Tuesday, August 28, 2018

The variable in question

The blog is back for another school year. I did do a fair bit of research this summer, as well as a bunch of other interesting stuff at work (and took a nice vacation, too). However, I'm going to skip all that for the moment and get right to the question of the day because I'm discussing it with my adviser this evening.

We've been proceeding through all this analysis somewhat blindly assuming that it's a given that we should use the normed sample sum as our estimator. I give a brief (and, as it turns out, less than compelling) proof that this is the Uniform Minimum Variance Unbiased Estimator and then move on to the variance of the estimator, which is the real subject of the paper.

Not so fast on that first point. It's true that the normed sample average would be the UMVUE for the mean of an infinite population, but that doesn't translate as naturally as you might think to the population sum when things are finite. In fact, given what we know about the composition of the blocks, the estimator can actually be improved upon.

First, though, let's pretend we don't know anything about the composition of the blocks other than that they may contain partitions of correlated data. In that case, the sampled pairs of observations, that is, both the dependent and independent variables, are a sufficient statistic. We'll call this D and the realization of a sample will be the vector d=(x,y), the individual rows from all the sampled blocks. One important item to note here is that d is considered unordered. That is, we don't care which blocks got sampled first or where a row is placed within a block.

Now, we pick an arbitrary unbiased estimator. The first row in the sample times the population size will do, we call that S=Ny1. We now use the Rao-Blackwellization process to make a better estimator by conditioning this on the observed sample, that is S' = E(S|D=d). I'll spare the algebra, because it's simple and I don't feel like typesetting it here, but it's pretty clear that, if ordering isn't important, the expected value of the first item in a finite sample, given the sample, is the sample mean. So, S' is the sample mean times the total number of rows in the population, which gets us right back to where we started. In fact, it's not hard particularly hard to prove that any unbiased estimator conditioned on the sample will give this result. So, our estimator is fine in this case.

HOWEVER...

That's not really our case.

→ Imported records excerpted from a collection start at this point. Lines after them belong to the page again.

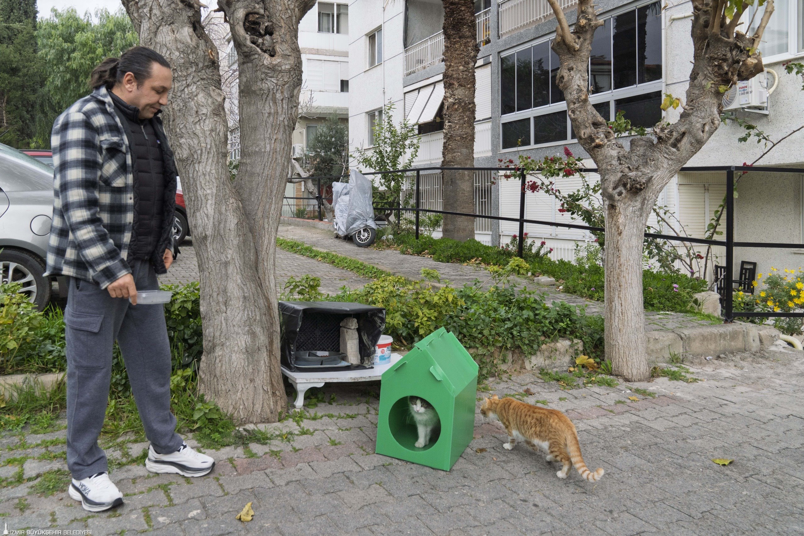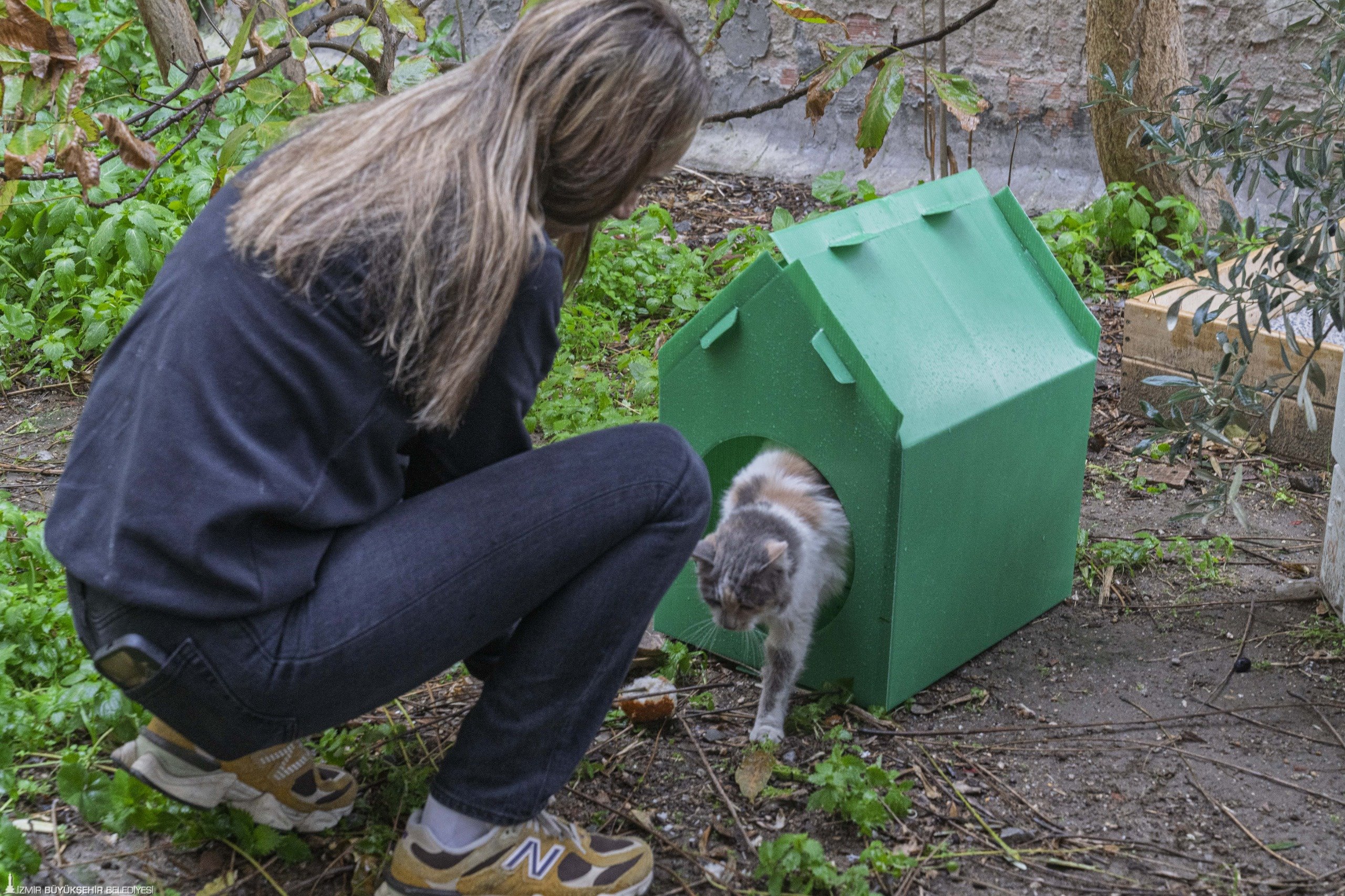 İzmir Büyükşehir Belediyesi Veteriner İşleri Dairesi Başkanlığı ekipleri, soğuk hava koşullarında barınma sorunu yaşayan sokak kedileri için portatif kedi evi hizmeti veriyor. İzmir Büyükşehir Belediye Başkanı Dr. Cemil Tugay’ın, sokakta yaşayan canlılar için sosyal medya hesabından yaptığı destek sözü, İzmirli hayvanseverler tarafından memnuniyetle karşılandı. 153 Hemşehri İletişim Merkezi’ni arayan yurttaşlar, mahallelerindeki sokak kedilerinin barınması için portatif kedi evleri talep etti. Ekipler, talep oluşturan yurttaşların mahallelerini tek tek ziyaret ederek kedi evlerini teslim etmeye başladı. Can dostlar da kendilerine sıcak yuva olacak yeni evlerini çok sevdi.
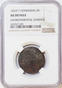 HONDURAS 2 Reales 1833 TF KM-19 NGC AU
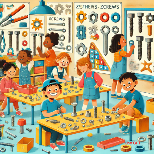 - Make an illustration of young kids in a learning center exploring how fasteners like ties, buttons, zippers, buckles, Velcro, bobby pins, barrettes, ribbons, pins, clasps, jewelry, staples, paper clips, glue, rubber bands, tacks, nails, screws, paper fasteners, yarn, thread, doorknobs, latches, magnets, picture hooks, flannel boards, hinges, padlocks, cement, keystones, rivets, seat belts, and gravity works.

We have a lot more information available to us. When loading the data, we can pre-compute all sorts of things. We know the true sum for each partition (that is the sum when all rows from that partition meet the query criteria). We know how many rows are in each partition. We know which blocks those rows wound up in. We probably know even more than that if this isn't the first query we've ever received. We can track historical hit rates. Hit rates correlated to specific attributes in the query. Which partitions are particularly susceptible to variation based on certain query attributes. Heck, we might even know the actual answer; query processors frequently cache the last few queries they've returned because people have a tendency to hit "refresh" and there's no reason to go through the trouble of recomputing a result you just produced.

Why is this a problem? Well, it's not if you're happy with the naive estimator, but the point of this exercise is to return the tightest confidence intervals in the least time, so if we can produce a better estimator using it, we should.

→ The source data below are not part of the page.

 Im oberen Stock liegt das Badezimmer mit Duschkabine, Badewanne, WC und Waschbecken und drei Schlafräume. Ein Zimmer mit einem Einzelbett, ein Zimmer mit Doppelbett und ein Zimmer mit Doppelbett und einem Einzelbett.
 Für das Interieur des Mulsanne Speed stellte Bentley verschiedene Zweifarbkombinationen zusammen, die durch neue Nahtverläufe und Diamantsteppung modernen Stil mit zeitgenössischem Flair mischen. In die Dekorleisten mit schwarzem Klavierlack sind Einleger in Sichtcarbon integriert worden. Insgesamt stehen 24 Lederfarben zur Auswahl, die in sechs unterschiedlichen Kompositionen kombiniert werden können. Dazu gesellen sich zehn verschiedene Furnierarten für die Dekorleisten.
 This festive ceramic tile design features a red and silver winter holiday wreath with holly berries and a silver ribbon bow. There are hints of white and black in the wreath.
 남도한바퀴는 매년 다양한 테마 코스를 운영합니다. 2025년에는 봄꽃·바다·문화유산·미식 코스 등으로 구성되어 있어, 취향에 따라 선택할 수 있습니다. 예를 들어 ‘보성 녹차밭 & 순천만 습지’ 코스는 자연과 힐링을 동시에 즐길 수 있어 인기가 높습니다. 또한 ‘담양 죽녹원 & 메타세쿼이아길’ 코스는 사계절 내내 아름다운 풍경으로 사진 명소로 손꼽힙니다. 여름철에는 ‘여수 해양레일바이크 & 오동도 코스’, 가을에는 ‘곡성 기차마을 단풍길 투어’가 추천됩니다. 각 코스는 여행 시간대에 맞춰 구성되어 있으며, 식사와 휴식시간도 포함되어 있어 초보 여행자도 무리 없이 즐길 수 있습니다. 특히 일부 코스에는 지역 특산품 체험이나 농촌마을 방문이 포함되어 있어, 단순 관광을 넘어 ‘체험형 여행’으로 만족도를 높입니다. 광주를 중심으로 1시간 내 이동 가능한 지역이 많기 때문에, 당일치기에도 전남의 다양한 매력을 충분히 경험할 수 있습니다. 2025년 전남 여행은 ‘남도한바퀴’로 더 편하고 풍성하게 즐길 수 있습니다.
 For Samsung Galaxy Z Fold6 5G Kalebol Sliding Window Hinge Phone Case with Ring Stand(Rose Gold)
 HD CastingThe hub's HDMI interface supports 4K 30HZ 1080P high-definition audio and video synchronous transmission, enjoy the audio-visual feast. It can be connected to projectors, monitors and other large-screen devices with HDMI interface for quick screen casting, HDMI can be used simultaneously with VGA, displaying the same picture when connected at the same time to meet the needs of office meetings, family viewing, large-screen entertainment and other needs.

Here's one quick example: Suppose we know that the data has only two partitions and one of those partitions is in a single block. We could randomly sample blocks, but we might wind up with a sample that excludes the single-block partition. That introduces extra variance to our estimator. On the other hand, we could always sample the single partition block, and then proceed with the rest of the sampling as in the uniformly-distributed case (which yields much tighter bounds). The resulting estimator will have less variance.

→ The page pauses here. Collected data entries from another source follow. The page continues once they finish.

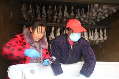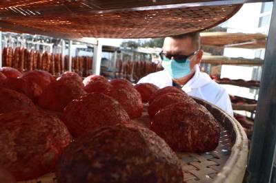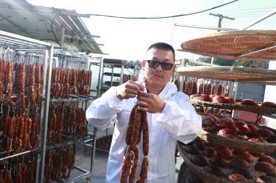 2025年12月27日,笔者在湖北省英山县杨柳湾镇土门河村看到,回乡创业青年柯常安的作坊里,太阳下彤红的腊肉、腊肠、火腿、猪血豆腐粑等腊味琳琅满目、鲜艳夺目。 柯常安介绍,这个作坊是今年7月投资200多万建设的,目前主要开发制作“山里腊味”,还有几个工人在给他帮忙,春节临近,这里呈现一片繁忙的景象。
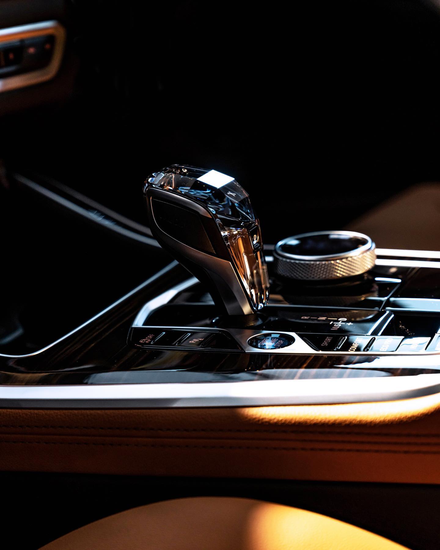 Im Innenraum trägt das Fahrzeug die Lederausstattung Vernasca im Farbton Cognac, außerdem sind die hochwertigen Glasapplikationen aus dem “CraftedClarity”-Paket erkennbar. Mit dieser Sonderausstattung ist unter anderem der Wählhebel für die Achtgang-Automatik aus Kristall-Glas gefertigt, wobei das ins Glas eingearbeitete und dezent beleuchtete “X” das optische Highlight ist.
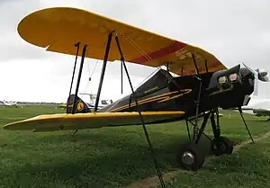 The 'Skyote' is a conventional open-cockpit biplane design, with fixed, tailwheel undercarriage.[6] The wings are slightly swept for center-of-gravity and lateral stability[7] reasons and to improve performance in snap rolls.[7] The equal-span, staggered wings are braced together with conventional struts and wires that form a single bay.[8] Neither the upper nor lower wings have any dihedral,[7][8] and ailerons are fitted to all four wings.[7][8] The fuselage is built from welded steel tubing with wooden stringers and formers to give it shape,[9][10] the wing structure is aluminum,[7][8] and the entire aircraft is covered in fabric.[8]
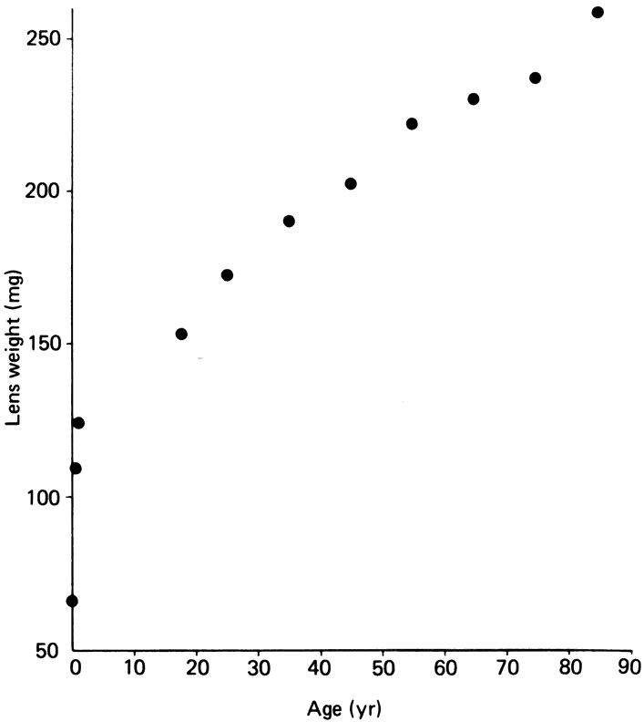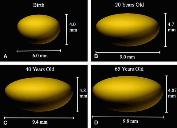 to the vitreous. Cell division and, thus, growth of the lens continue throughout life; as new lens cells are formed, the older cells are displaced toward the interior of the lens. As a result, the lens grows in size and weight as humans age20 (Figs. 7 and 8). It has been estimated that the human lens thickness increases at about 0.02 mm per year.21,22 The anterior-posterior dimension of the lens in the newborn is 3.5 to 4.0 mm, reaching 4.75 to 5.0 mm at 90 years of age. The equatorial diameter in infants is about 6.5 mm, increasing to 9.0 with age. The radius of curvature of the anterior surface of the lens is 8 to 14 mm, and at the posterior surface it is 4.5 to 7.5 mm. There is, however, variation in curvature with age and accommodation.
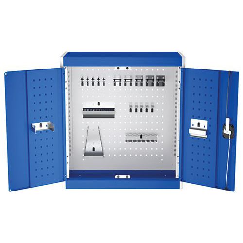 Lukittava teräslevykaappi, jossa Perfo-oviverhous tai laatikon pohja. Kompakti syvyys 300 mm. Mitat PxK 800x700 ja PxK 1050x700 tai 1000 mm. Sinkitty hylly lisävarusteena 1050 mm leveään malliin. Kantavuus 75 kg. Saatavilla ilman kantta, voidaan varustaa tarpeen mukaan tai Perfo-lisävarusteilla. Turvallisuusohjeet: - asenna huonekalu tasaiselle alustalle - kiinnitä se seinään tai väliseinään sopivilla kiinnikkeillä - varo ylittämästä suositeltua enimmäiskuormaa ja varmista, että se jakautuu tasaisesti

Yes, that's contrived, but the point is that the extra information can help. A lot. I'd like to leave that out of this paper because the point of this one was simply to demonstrate that we can create reliable confidence intervals for highly-correlated data. I think we've proven that both mathematically and empirically.

However, this plays really well into the research path I had set out for the rest of the dissertation. I now have a template for showing that we can not only assess the quality of our estimator, we can actually improve on it by leveraging the structure of the data. More importantly, we can change the structure of the data to make that lever even longer. As I argued when creating DBESt (which, by the way, is still a thing and I intend to use it to restructure the data), the optimal structure is an np-complete problem, so there's no point in trying to solve it. But, it can be approximated using either the Evolutionary Strategy of DBESt, or layering some sort of Dirichlet analysis on top of that to try to get rows from like distributions into the same blocks.